• Exercise objective: Using the entries below, restate word for word only the lines from the one with "Dampfbügeleisen kabellos 2400W" to the final line, leaving the pictures out.

[Records from a collection]
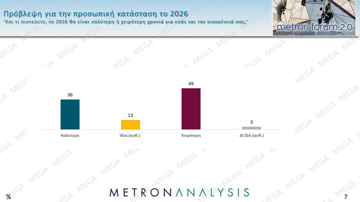 Την ίδια ώρα οι πολίτες δεν κρύβουν την απαισιοδοξία τους για το μέλλον. Σχεδόν 1 στους 2 πιστεύει ότι η προσωπική του κατάσταση θα είναι χειρότερη το 2026 από ότι φέτος. Αντίθετα, το 36% είναι αισιόδοξος για την πορεία του.
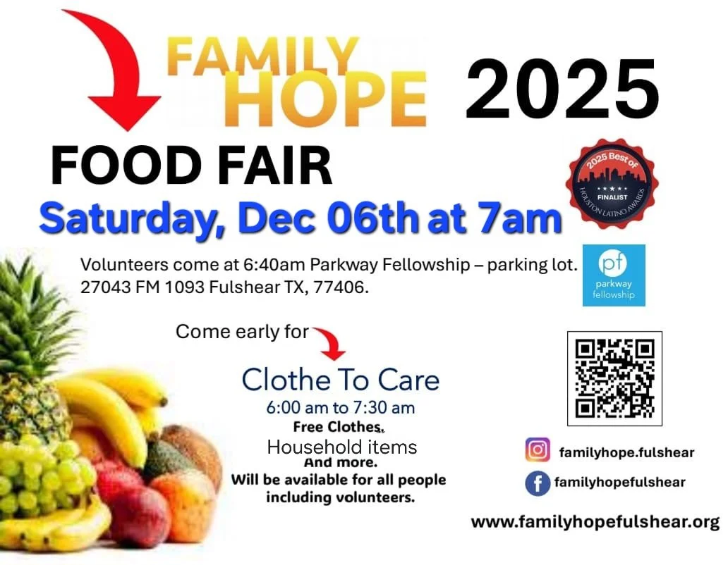 For information on the next session, email info@FamilyHopeFulshear.org or send your name, address and phone number to Family Hope, P.O. Box 543, Fulshear, TX 77441
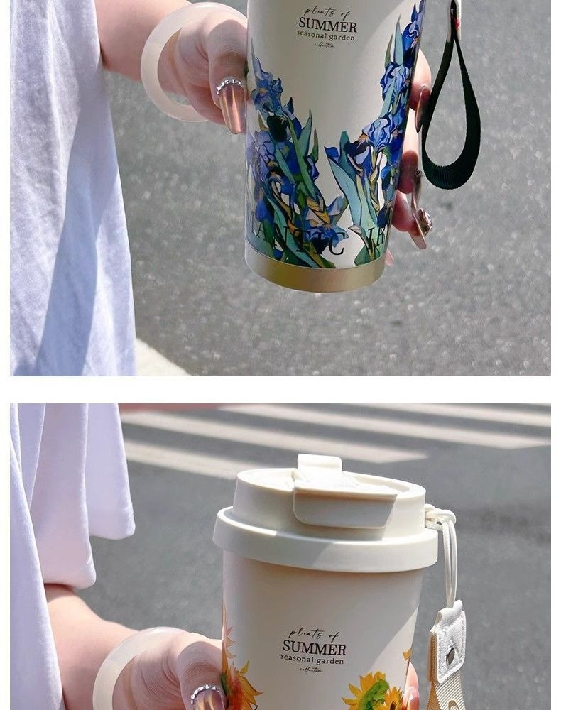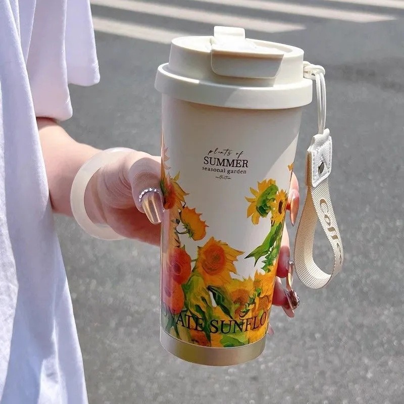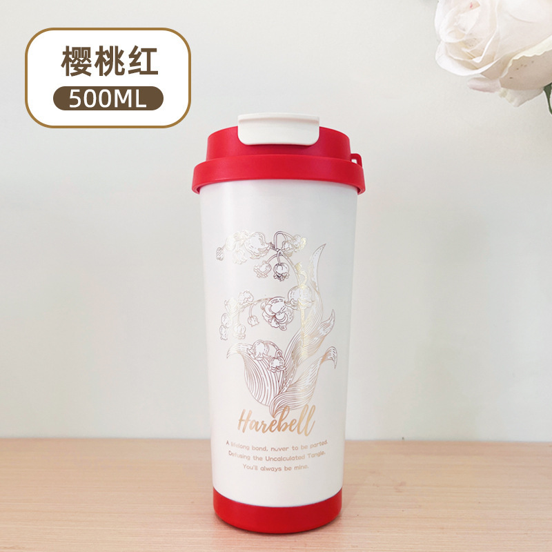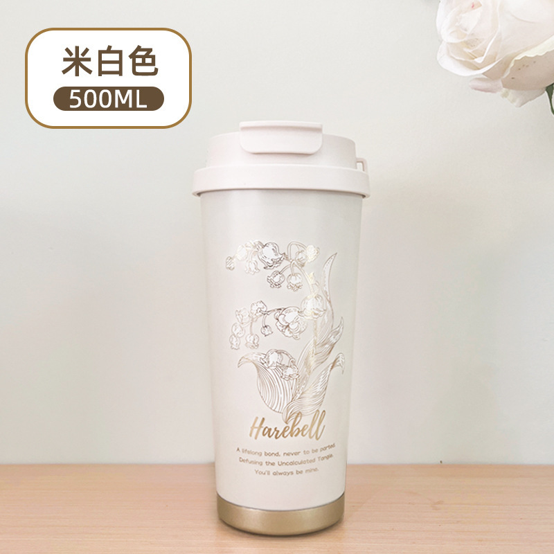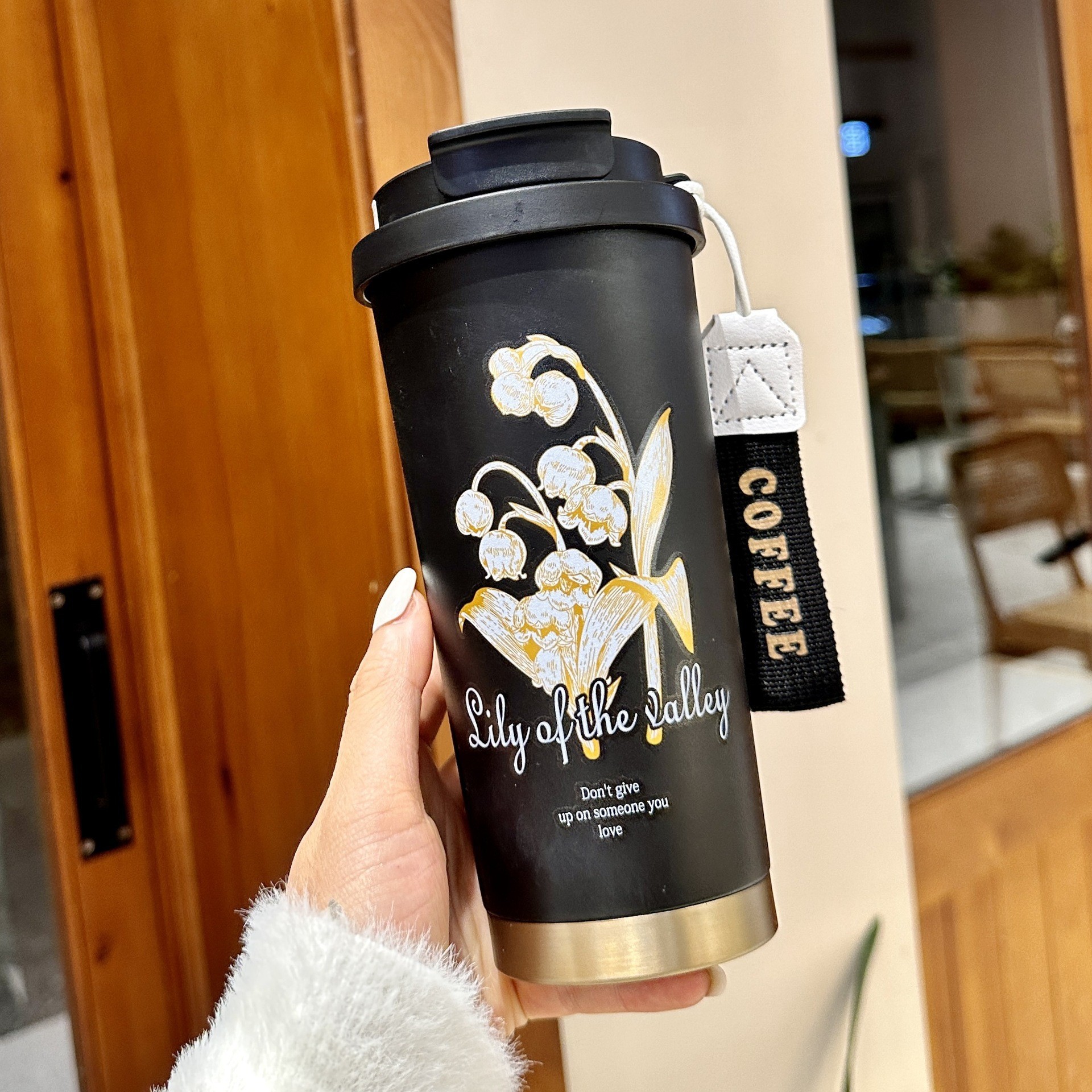 은방울꽃 커피컵 316 스테인리스 차량용 진공 보온 커피컵 고급스러운 디자인 이중 음용 럭셔리 워터컵 휴대용스토어 가기
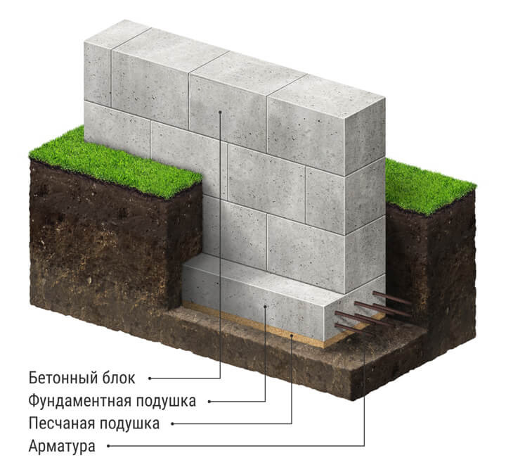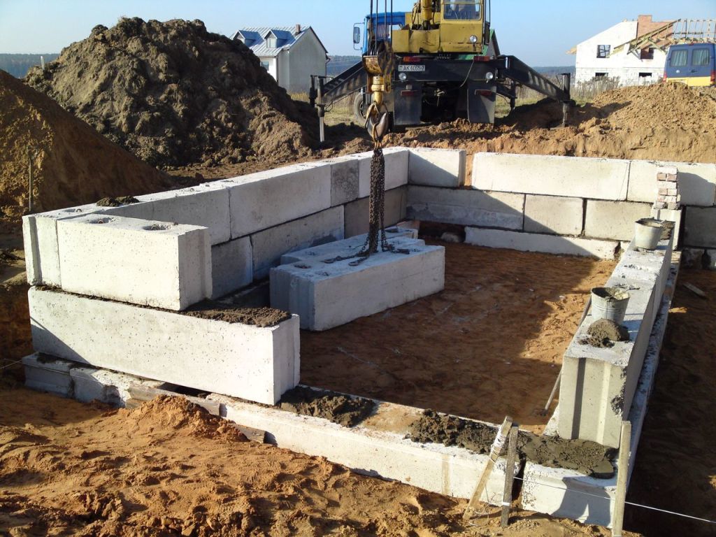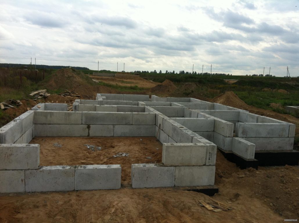 Этот вид основания является одним из самых популярных благодаря простоте технологии, скорости установки и стоимости. ФБС (фундаментные стеновые блоки) укладываются в подготовленный котлован и образуют опору здания.
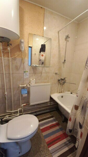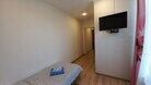 В номере две односпальные кровати, телевизор, шкаф, тумба, туалетные принадлежности. Душ и туалет в номере.
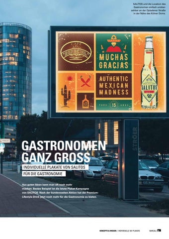 GASTRONOMEN GANZ GROSS INDIVIDUELLE PLAKATE VON SALITOS FÜR DIE GASTRONOMIE Aus guten Ideen kann man oft noch mehr machen. Bestes Beispiel ist die letzte Plakat-Kampagne von SALITOS. Nach der bundesweiten Aktion hat der PremiumLifestyle-Drink jetzt noch mehr für die Gastronomie zu bieten.
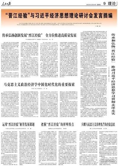 今天出版的《人民日報(bào)》9版“理論”,整版刊登《“晉江經(jīng)驗(yàn)”與習(xí)近平經(jīng)濟(jì)思想理論研討會(huì)發(fā)言摘編》。以下是版面內(nèi)容的摘登:
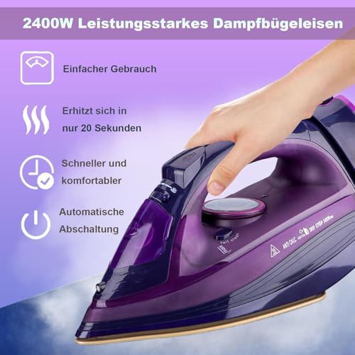 Dampfbügeleisen kabellos 2400W kabelloses Bügeleisen Sohle mit keramischer Antihaftbeschichtung Vertikal bügeln, Tropfstop, Antikalk, selbstreinigend mit Wassertank Steam Iron (Lila)
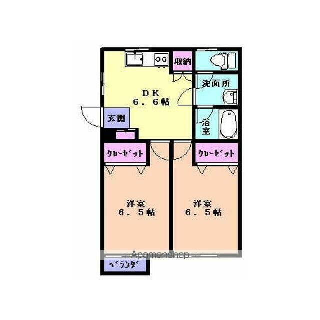 | 間取り | 2DK(DK6.6 洋6.5 洋6.5) | 主要採光面 | 西 |
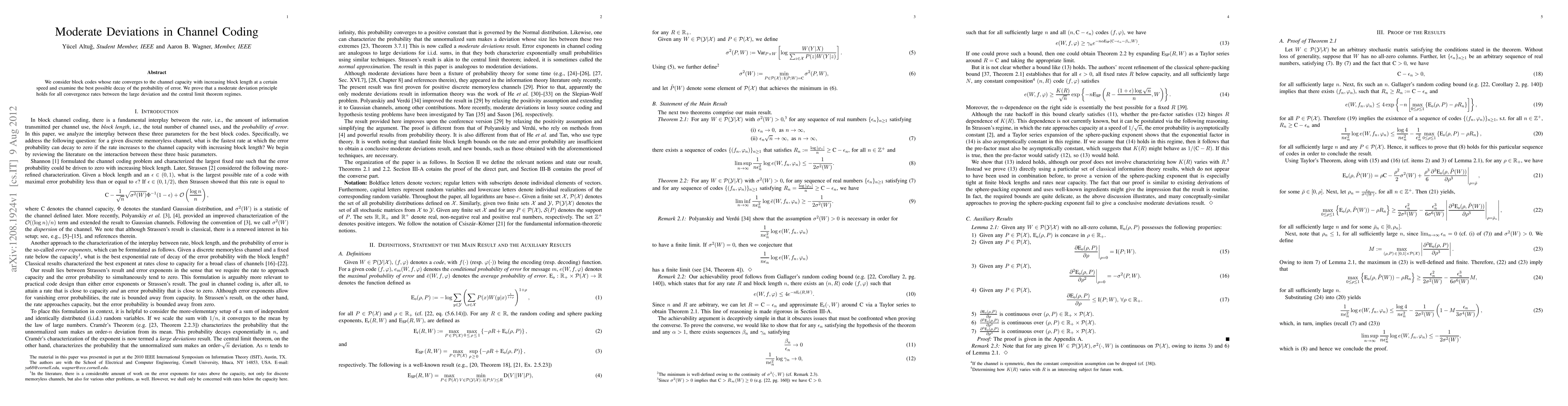 We consider block codes whose rate converges to the channel capacity with increasing block length at a certain speed and examine the best possible decay of the probability of error. We prove that a moderate deviation principle holds for all convergence rates between the large deviation and the central limit theorem regimes.
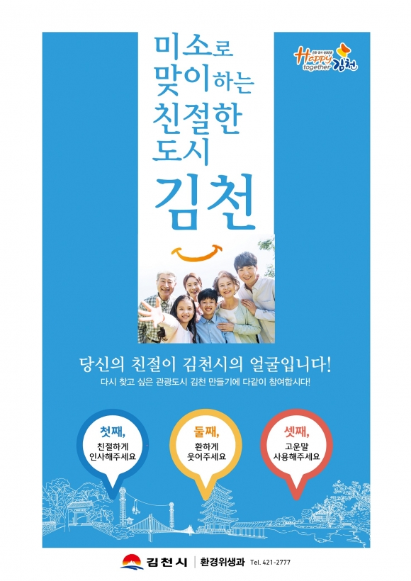 또한 ‘미소로 맞이하는 친절한 도시 김천’이란 강령으로 관련 단체, 영업자, 소비자 식품위생감시원이 함께하는 캠페인도 전개한다. 음식점이 밀집한 부곡 맛고을 거리, 직지사 주변 상가를 대상으로 친절 응대 홍보물을 배부하고 『Happy together 운동』 참여를 독려할 예정이다.
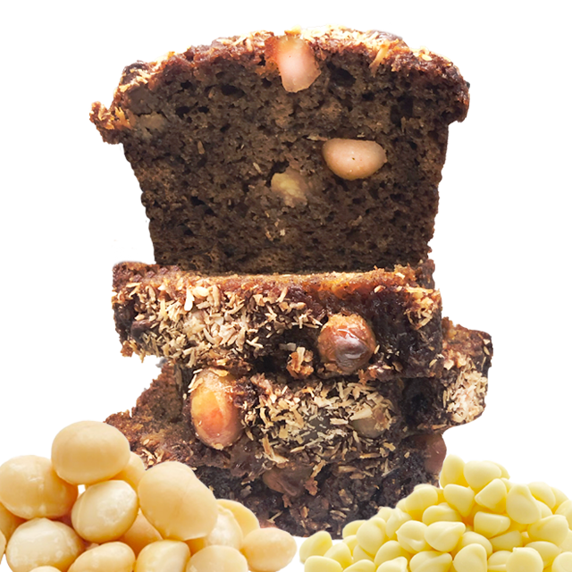 Indulge in our Hawaiian-inspired banana bread. This moist, flavorful treat combines the crunch of Macadamia nuts with the sweet creaminess of white chocolate, and finally topped with toasted coconut flakes creating a harmonious blend of textures with evey bite. A definite must-try!
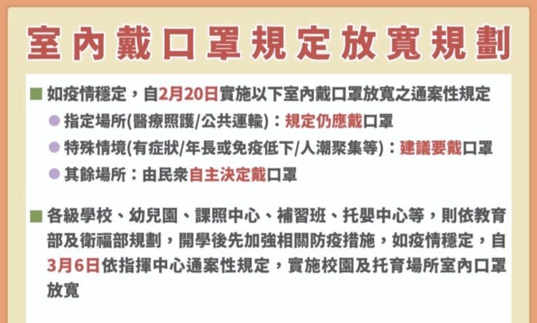 明起室內口罩令鬆綁 校園擬3/6起實施
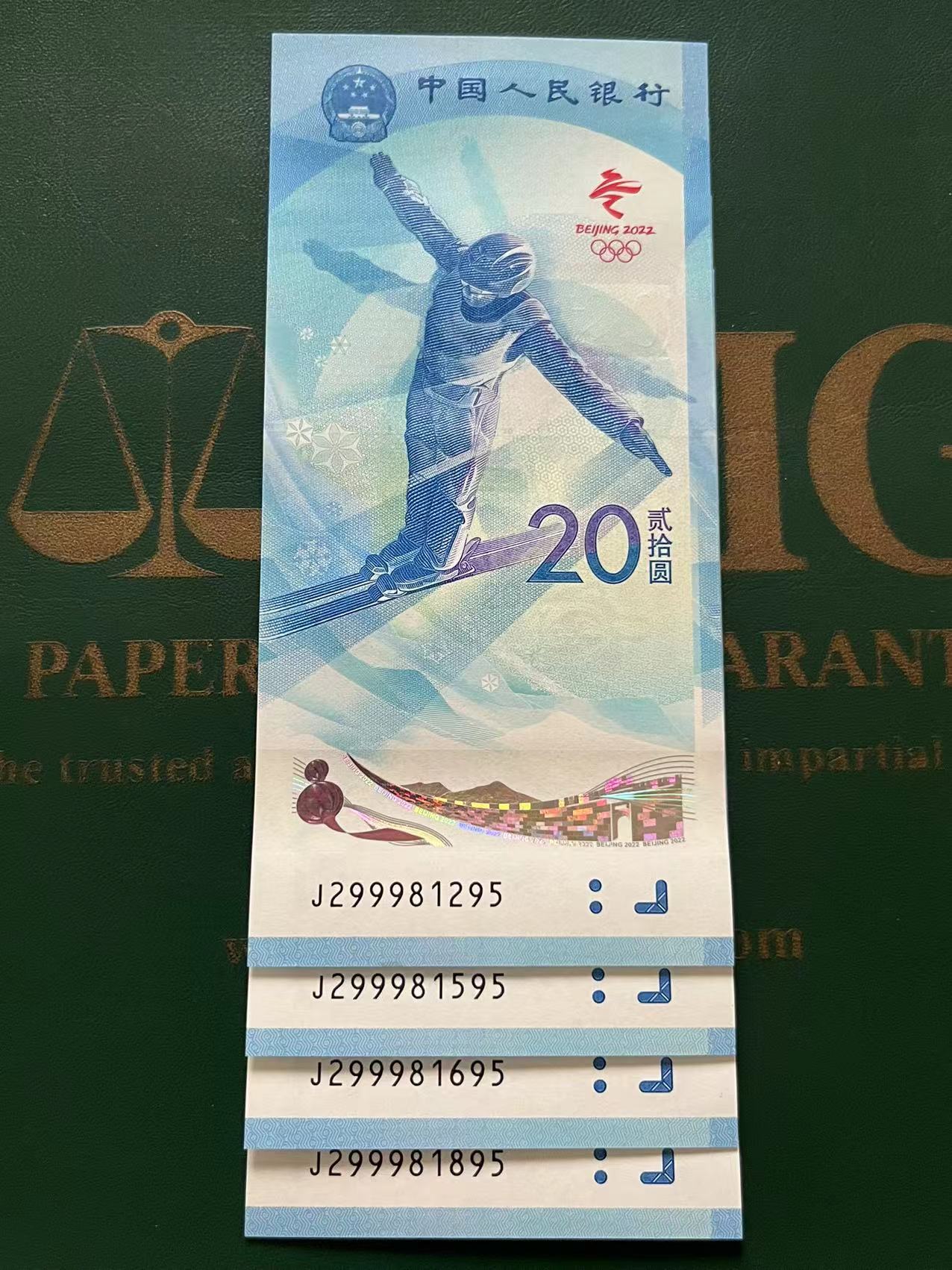 → 冬奥钞 雪钞 2999头 尾95 四张
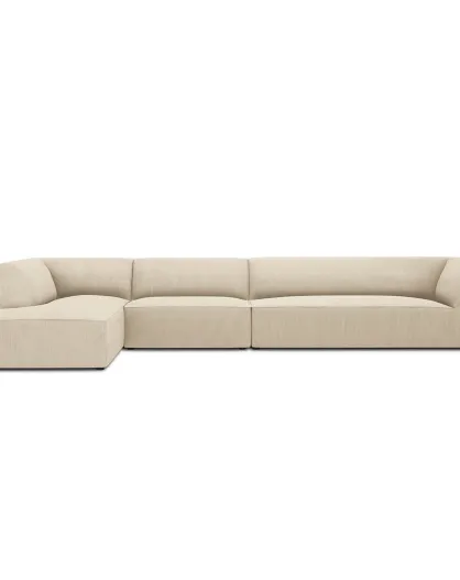 Canapé d'angle gauche Velours Côtelé Sao 5 places beige clair - 366x180x69 cm
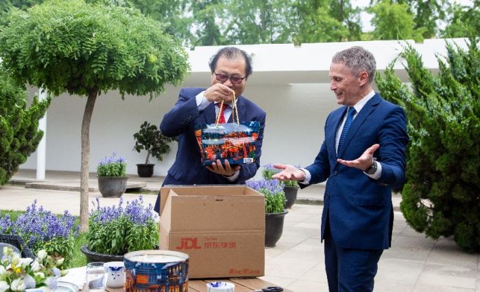 来自中国国际贸易学会的金旭会长在京东订购了丹麦知名牛油曲奇,因此受邀来到丹麦使馆,在北欧与中式建筑风格融合的官邸后花园,丹麦大使马磊先生亲自派发订单。近年来,来自丹麦的饼干、奶粉、益生菌、啤酒、保健品等产品受到中国消费者的喜爱,京东丹麦国家馆也为消费者提供了更多品质产品选择。今年618预售期间,丹麦食品在京东销量同比增长98%。马磊大使表示,“好物推荐官”的名头非常贴切,他将积极履职把更多好物推荐给中国消费者。

• Result of this exercise:
 Dampfbügeleisen kabellos 2400W kabelloses Bügeleisen Sohle mit keramischer Antihaftbeschichtung Vertikal bügeln, Tropfstop, Antikalk, selbstreinigend mit Wassertank Steam Iron (Lila)
 | 間取り | 2DK(DK6.6 洋6.5 洋6.5) | 主要採光面 | 西 |
 We consider block codes whose rate converges to the channel capacity with increasing block length at a certain speed and examine the best possible decay of the probability of error. We prove that a moderate deviation principle holds for all convergence rates between the large deviation and the central limit theorem regimes.
 또한 ‘미소로 맞이하는 친절한 도시 김천’이란 강령으로 관련 단체, 영업자, 소비자 식품위생감시원이 함께하는 캠페인도 전개한다. 음식점이 밀집한 부곡 맛고을 거리, 직지사 주변 상가를 대상으로 친절 응대 홍보물을 배부하고 『Happy together 운동』 참여를 독려할 예정이다.
 Indulge in our Hawaiian-inspired banana bread. This moist, flavorful treat combines the crunch of Macadamia nuts with the sweet creaminess of white chocolate, and finally topped with toasted coconut flakes creating a harmonious blend of textures with evey bite. A definite must-try!
 明起室內口罩令鬆綁 校園擬3/6起實施
 → 冬奥钞 雪钞 2999头 尾95 四张
 Canapé d'angle gauche Velours Côtelé Sao 5 places beige clair - 366x180x69 cm
 来自中国国际贸易学会的金旭会长在京东订购了丹麦知名牛油曲奇,因此受邀来到丹麦使馆,在北欧与中式建筑风格融合的官邸后花园,丹麦大使马磊先生亲自派发订单。近年来,来自丹麦的饼干、奶粉、益生菌、啤酒、保健品等产品受到中国消费者的喜爱,京东丹麦国家馆也为消费者提供了更多品质产品选择。今年618预售期间,丹麦食品在京东销量同比增长98%。马磊大使表示,“好物推荐官”的名头非常贴切,他将积极履职把更多好物推荐给中国消费者。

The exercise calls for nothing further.